**Exercise aim:** All of the data below should be printed again exactly, pictures excluded.

**Dataset extract:**

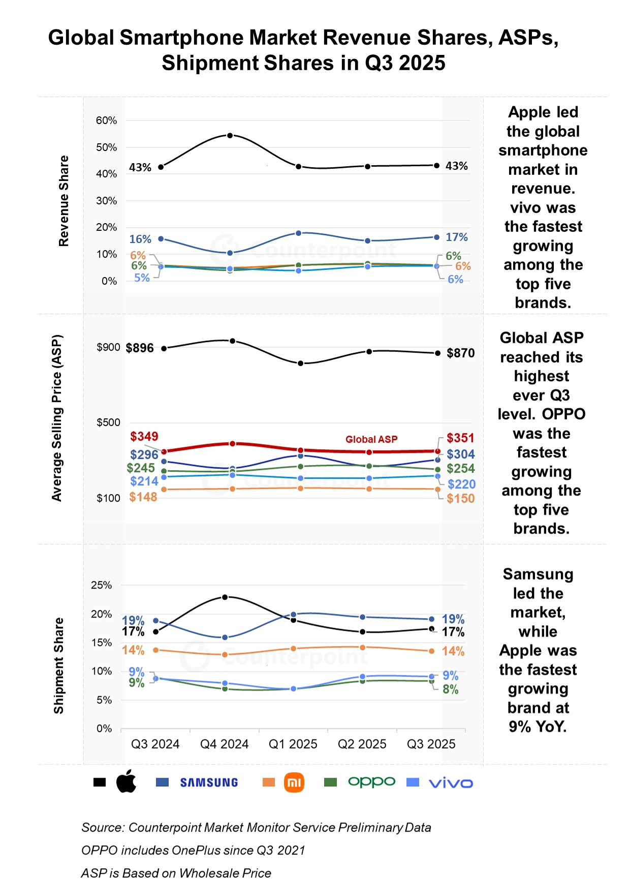 A OPPO teve o maior aumento de ASP entre as cinco principais marcas de smartphones, subindo 3,4% em relação ao ano anterior, enquanto a receita cresceu 1%. A série Reno 14 e a ênfase da empresa em dispositivos de ponta contribuíram significativamente para esse aumento.
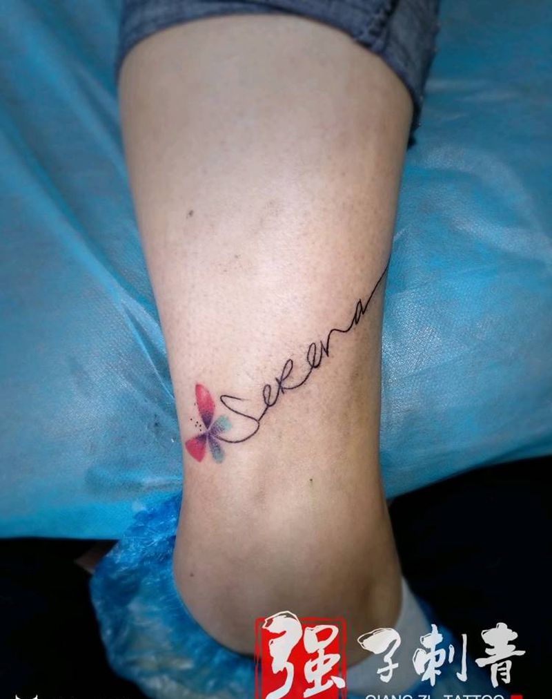 小清新字母纹身图片_腿部字母小清新纹身图案
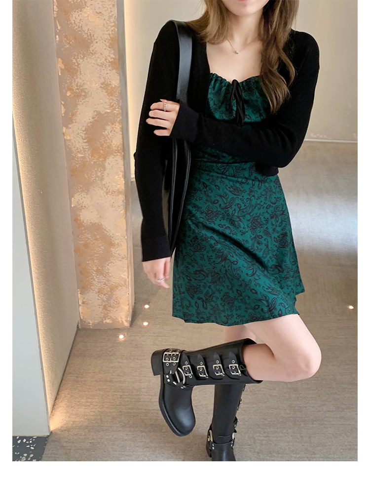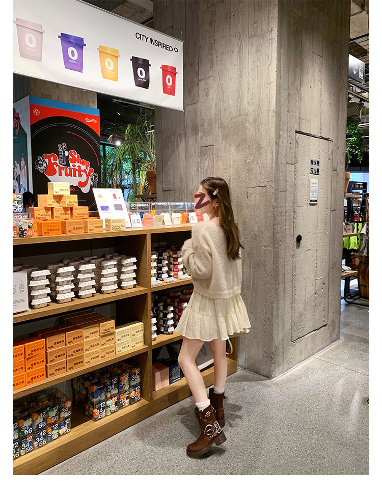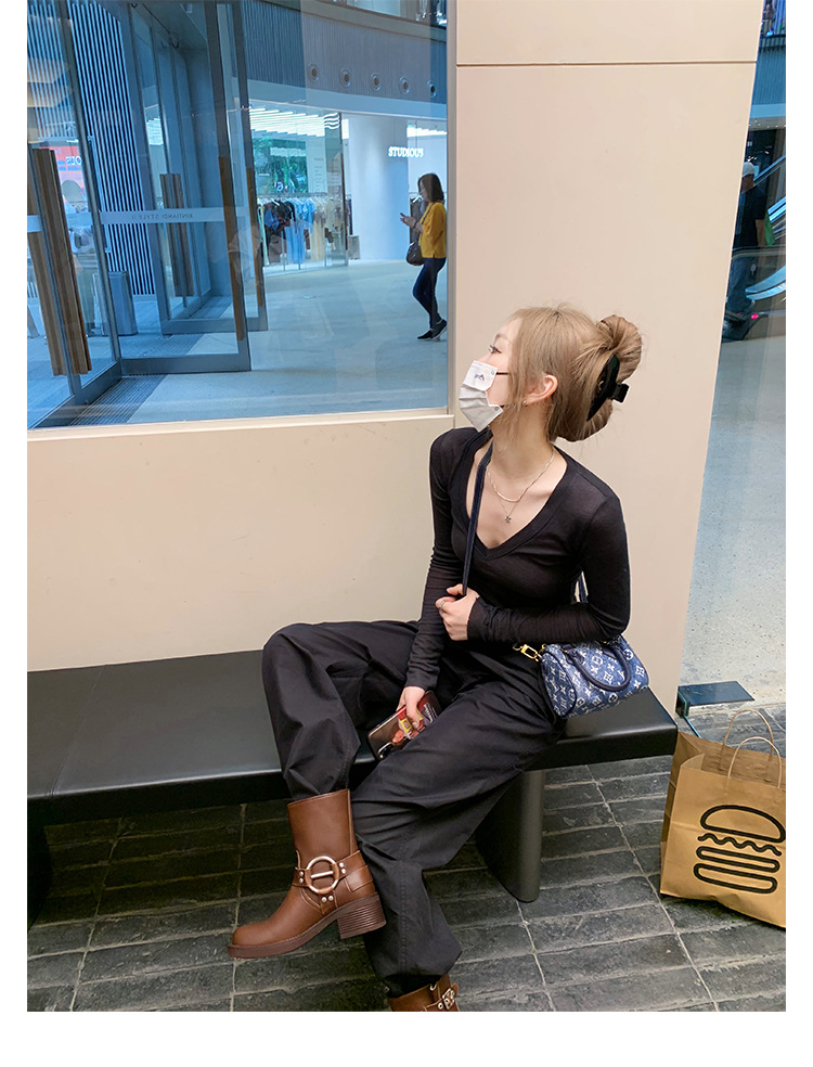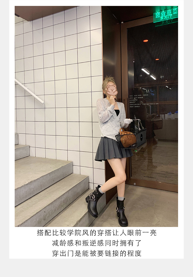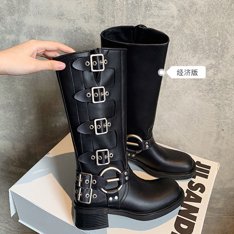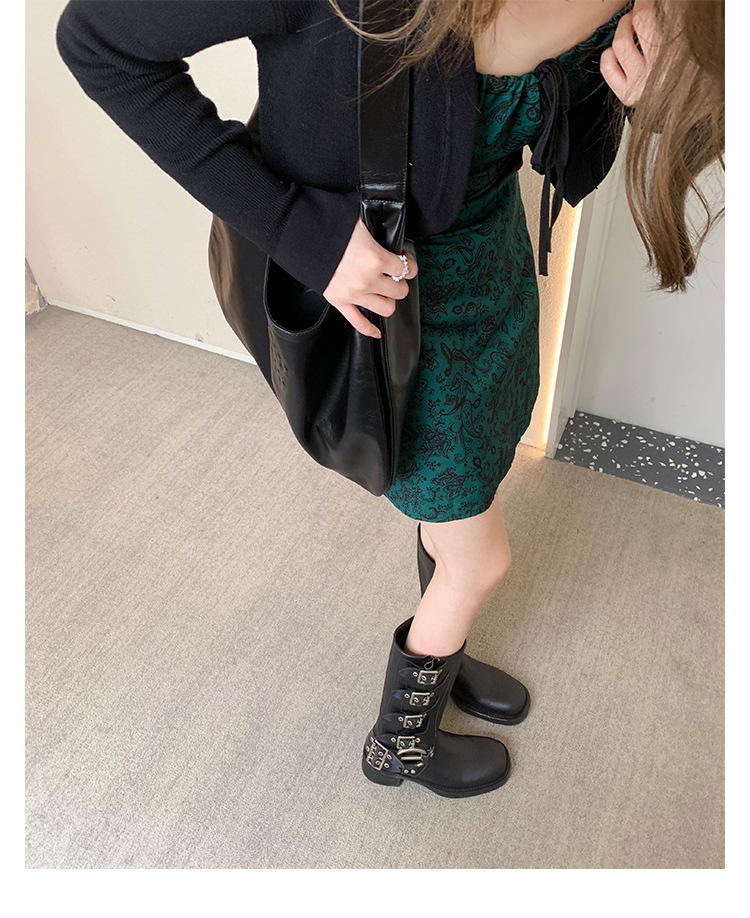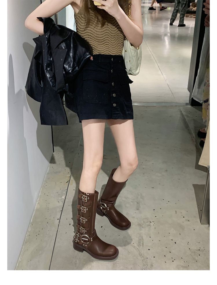 포도 엄마 2023 가을과 겨울 새로운 라운드 발가락 빈티지 짧은 부츠 벨트 버클 두꺼운 굽 마틴 부츠 두꺼운 단독 웨스턴 카우보이 부츠스토어 가기

**Exercise output:**
 A OPPO teve o maior aumento de ASP entre as cinco principais marcas de smartphones, subindo 3,4% em relação ao ano anterior, enquanto a receita cresceu 1%. A série Reno 14 e a ênfase da empresa em dispositivos de ponta contribuíram significativamente para esse aumento.
 小清新字母纹身图片_腿部字母小清新纹身图案
 포도 엄마 2023 가을과 겨울 새로운 라운드 발가락 빈티지 짧은 부츠 벨트 버클 두꺼운 굽 마틴 부츠 두꺼운 단독 웨스턴 카우보이 부츠스토어 가기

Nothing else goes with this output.